Transcribe the listing that follows in full, omitting pictures.

TASK INPUTS >>
──────────────────────────────

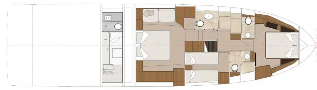 | Outside | Anker mit Kette, Badeleiter, Badeplattform (hydr.), Cockpitkühlschrank, Cockpitlautsprecher, Cockpittisch, Deckbeleuchtung, elektr. Ankerwinsch, Fender, Festmacherleinen, Flybridge, Grill, Hardtop, Jetski, Solaranlage, Spülbecken im Cockpit, Unterwasserbeleuchtung, Wet Bar |
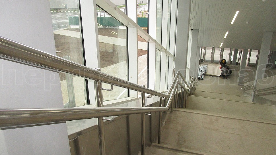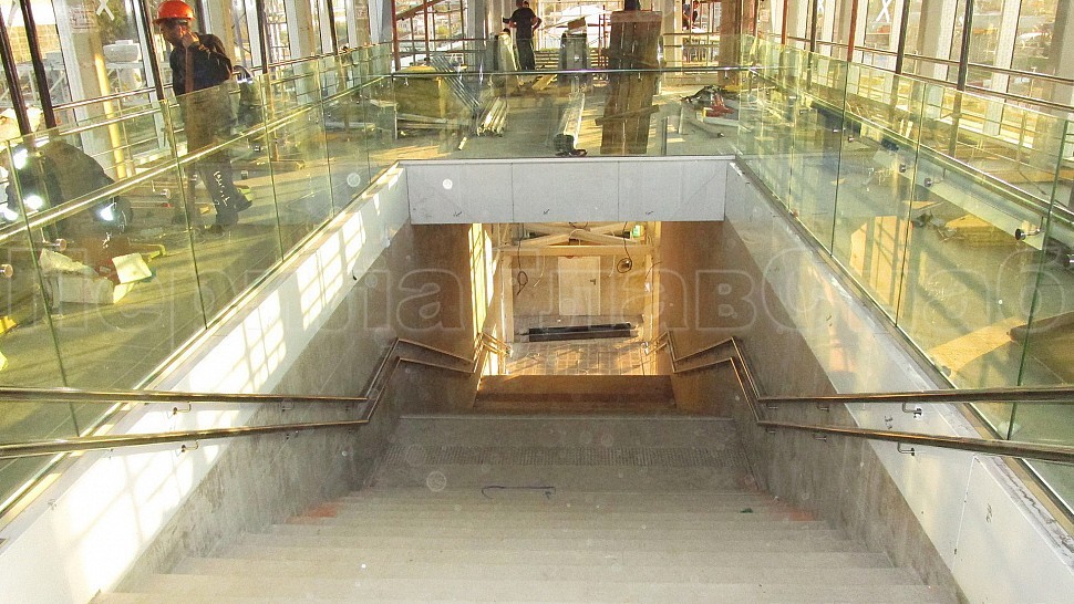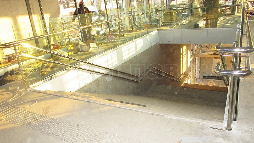 Для станции “Волгоградская” были спроектированы и установлены наружные ограждения высотой 900мм из прозрачного стекла триплекс 8+8мм, с поручнем диаметром 50мм из полированной нержавеющей стали с креплением к стеклу на выносном элементе. Стекло крепится сверху при помощи зажимного алюминиевого профиля. Крепление нержавеющих элементов ограждения между собой выполнено при помощи аргонно-дуговой сварки, длина швов — 2мм, с последующей зачисткой и полировкой.
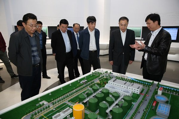 ▲中德金屬集團(tuán)董事長吳克東向工信部領(lǐng)導(dǎo)一行介紹入園項目建設(shè)情況
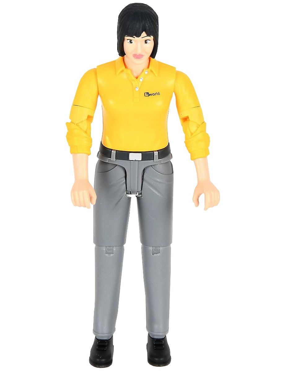 Banaby.hu » Játékok / Figurák, állatok és kiegészítők / Bruder BWORLD női figura sárga pólóban, szürke nadrágban
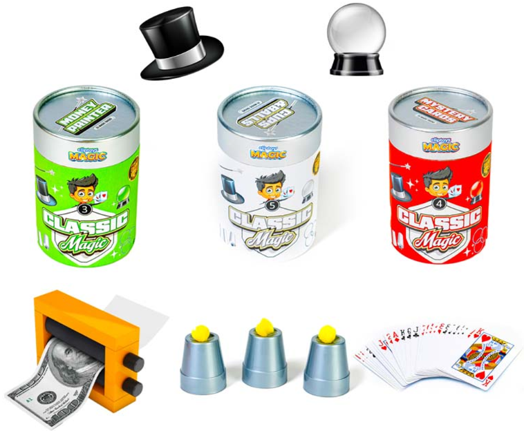 6 unique tricks to collect – Sponge Balls, Illusion Box, Money Printer, Mystery Cards, Cups & Balls, and The Secret Box
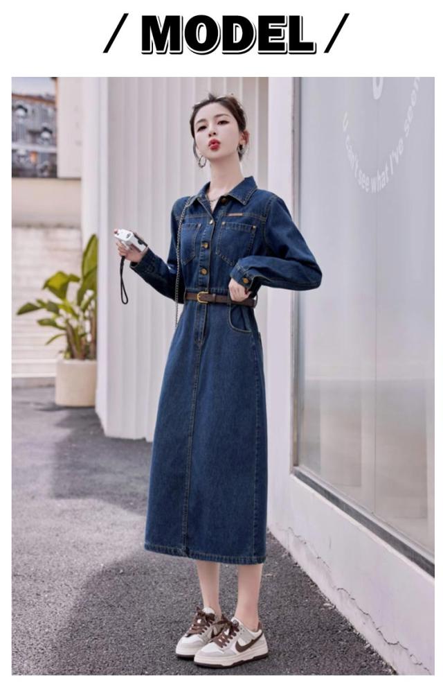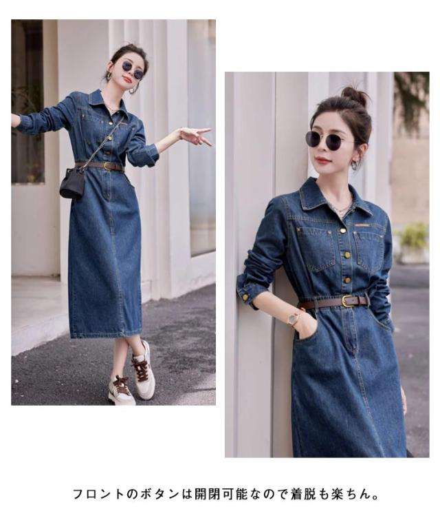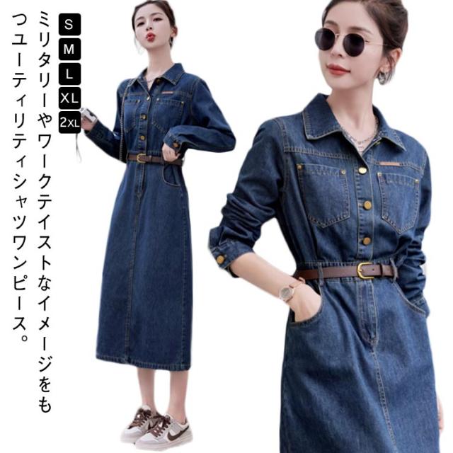 長袖 ミリタリー デニムワンピース ロング デニム 襟付き 春 ミリタリーワンピース タイト ロングワンピース 夏 きれいめ 秋 レディース デニムワンピース デニム 長袖ワンピース 30代 40代 50代 大人 カジュアル

──────────────────────────────

RESPONSE >>
 | Outside | Anker mit Kette, Badeleiter, Badeplattform (hydr.), Cockpitkühlschrank, Cockpitlautsprecher, Cockpittisch, Deckbeleuchtung, elektr. Ankerwinsch, Fender, Festmacherleinen, Flybridge, Grill, Hardtop, Jetski, Solaranlage, Spülbecken im Cockpit, Unterwasserbeleuchtung, Wet Bar |
 Для станции “Волгоградская” были спроектированы и установлены наружные ограждения высотой 900мм из прозрачного стекла триплекс 8+8мм, с поручнем диаметром 50мм из полированной нержавеющей стали с креплением к стеклу на выносном элементе. Стекло крепится сверху при помощи зажимного алюминиевого профиля. Крепление нержавеющих элементов ограждения между собой выполнено при помощи аргонно-дуговой сварки, длина швов — 2мм, с последующей зачисткой и полировкой.
 ▲中德金屬集團(tuán)董事長吳克東向工信部領(lǐng)導(dǎo)一行介紹入園項目建設(shè)情況
 Banaby.hu » Játékok / Figurák, állatok és kiegészítők / Bruder BWORLD női figura sárga pólóban, szürke nadrágban
 6 unique tricks to collect – Sponge Balls, Illusion Box, Money Printer, Mystery Cards, Cups & Balls, and The Secret Box
 長袖 ミリタリー デニムワンピース ロング デニム 襟付き 春 ミリタリーワンピース タイト ロングワンピース 夏 きれいめ 秋 レディース デニムワンピース デニム 長袖ワンピース 30代 40代 50代 大人 カジュアル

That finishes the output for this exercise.